I ask her how much money she is planning on giving her.

“Two hundred dollars.”

I am nonplussed. Two hundred dollars is five times the amount of money I was planning on spending.

I have to struggle to keep speaking.

“That is so sweet of you to take care of your mom like that. I don’t really need the pot anyways… and you’re right, you didn’t get her a mother’s day present…”

“Really? You’re not mad at me?”

“How could I be? You are the sweetest child the world has ever seen.”

“You’re so wonderful!” she says, proceeding to log onto her computer in search of a means of instantaneous wire transfer.

The music from my radio intensifies. It deepens with the hues of martyrdom.

“This is what I need…” I tell myself. “It is what I truly want…”

“I can pick it up right away…” Says Gina, in regards to the withdrawal of our funds, in full submission to her shamefulness, being blasted by puppy love.

She hangs up the phone with the excuse of needing to finish getting ready. It is the last we hear from her for hours. Musette sends her text messages with no replies.

“She is probably busy dealing with the breeder…” Musette says.

Five hours pass before pictures of a white colored puppy, buckled into the front seat of Gina’s Astrovan, start rolling through Musette’s message log. They reveal a puppy more resemblant of a yellow lab than a golden retriever.

“The flash is washing everything out,” Gina says. “But he’s really more yellow than that.”

She is driving while talking on the phone which causes Musette to request a call back later.

“Ok sweety.” she says, with the pathetic sweetness of indebted gratefulness injected into her voice. “I love you honey.”

Much time passes.

“What’s the deal? It’s practically our puppy!” I say, complaining about the lack of updates.

“She’s clearly busy getting adjusted.” says Musette.

The entire night passes. It isn’t until the next afternoon that we receive a call.

“We decided to take him back.” says Gina.

“What? Why?”

“His hair was affecting our allergies. Mine and Vicky’s both. I couldn’t even sleep last night, my sinuses were so affected…”

She proceeds to corkscrew through this mire like a sycophantic pig. Witnessing her debasement brings a high more euphoric than two hundred dollars worth of pot could provide. It detaches a gasping giggle from my entrails. I have to excuse myself to the bathroom to pour silent mania into the mirror.  

“I can deposit the money back into your account…” she says.

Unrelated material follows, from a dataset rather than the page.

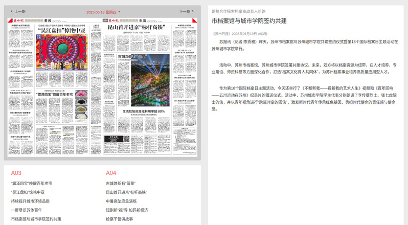 6月18日,苏州市档案馆与苏州城市学院共建签约仪式暨第18个国际档案日主题活动在苏州城市学院举行。

“No… No… You keep it, so that you don’t have to wait once you actually find the puppy meant for you.” replies Musette.

I can’t stop smiling.

“Thank you sweetheart… I know he’s out there waiting for me… This one was just too much like Blimpy… But I think I need another miniature schnauzer… that’s just the dog that’s made for me… you know? Oh you’re so sweet for helping me… Some things just don’t work out…”

“Just don’t stop looking, ok?”

“Oh, I promise I will sweetheart. Or I won’t… Whichever one is the right answer…”

The tragedy beneath Musette’s faltering ignorance, manifested in the form of a half smile,
which glows my way after the phone call is over, levels the fizzing of my mind, and deposits me to a higher state of sanity.

“Some things just don’t work out…” she says.